8 Aralık 2025, Pazartesi
spot_img

Can Kantar: “Nasıl bir seneydi ama…”

Bir seneyi daha geride bırakıyoruz. Bu yıl da su gibi aktı bitti. Yılı kapama telaşı 15 gün daha devam eder sonrasında şirket içi yeni yıl kutlamaları ve tatil planları ile yeni yılı karşılarız. Yıl tüm sektör için stabil geçti sayılır. Dövizde yukarı doğru beklenmedik bir yükseliş olmadı; en azından “Döviz ile hesaplanan giderlerde sürpriz yaşanmadı” denilebilir. Yılın 2’nci yarısı başlayan faizlerdeki küçük küçük gerilemeler şirketlerin mali kârlarını etkileyecek düzeyde değildi. Bu olumlu hava ile birlikte trafik ve kaskodaki hasar düzeyleri tolere edilebilir düzeylerde kaldı. Yılbaşında asgari ücretteki artışın ardından yılın ortasında beklenen 2’nci bir artış gerçekleşmemesi geriye dönük bedeni hasar dosyalarında sigorta şirketlerinin elini rahatlattığı söylenebilir. Genelde olumlu bir hava hakimdi yıl içerisinde.

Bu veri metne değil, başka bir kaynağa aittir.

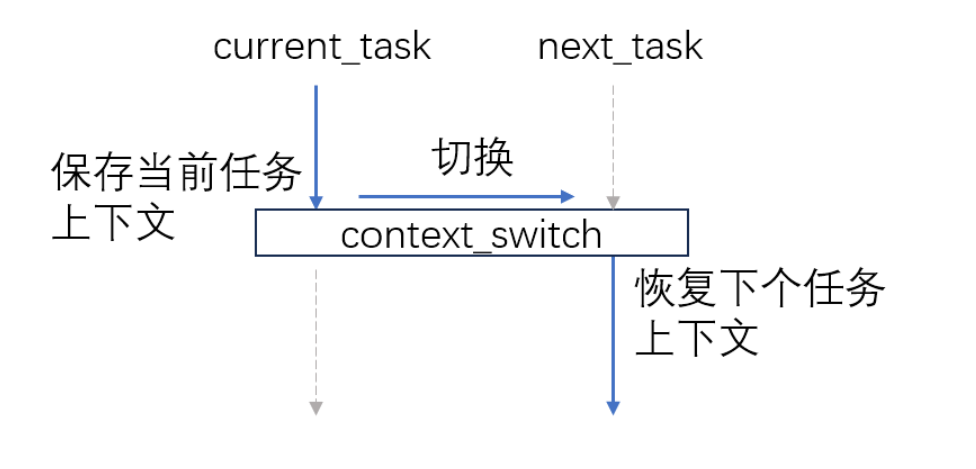 这里需要注意两个细节。第一个是寄存器集合的保存数量。在保存通用寄存器集合时,并没有保存所有的通用寄存器,其原因是根据RISC-V的函数调用约定,有一部分寄存器是由调用函数 Caller 来保存的,所以就不需要被调用函数 switch 来保存了。第二个是当前指令指针(PC)的切换。在具体切换过程中,是基于函数返回地址来进行切换的。即首先把 switch 的函数返回地址 ra (即 x1 )寄存器保存在 TaskContext 中,在此函数的倒数第二步,恢复切换后要执行线程的函数返回地址,即 ra 寄存器到 t0 寄存器,然后调用 jr t0 即完成了函数的返回。

 Şirket yöneticilerinin genelde rehavetin yaşandığı yaz aylarında da aynı hızlı tempoyu devam ettirdiklerini gördük. Bu arada şirketlerin pazarlama ve kurumsal iletişim departmanlarını tebrik etmek gerekiyor. Buna yazımın devamında ayrıca değineceğim. Çok çalıştılar çok…

Her şey güzeldi ama…

Sigorta endüstrisine genel olarak bakıldığında da aynı pembe tabloyu görmek mümkün. 2025’te herkes mutluydu sanki. Bir istisna elbet var. O da yılın ilk 6 ayında faaliyetleri durdurulan şirketler. Onlar için iyi bir sene olmadı. Bir tanesi kendine haksızlık yapıldığını düşünerek yargı yolu ile hakkını aramaya devam ediyor. Diğeri ise büyük bir iyi niyetle bir gelir olmadan olan para ile hasarları ödemeye çalışıyorlar. Her iki şirket bir çaba ile şirketlerini bu şartlarda ayakta tutmaya çalışıyorlar. Burada acenteler bu durumdan en çok şikâyet eden taraf elbette.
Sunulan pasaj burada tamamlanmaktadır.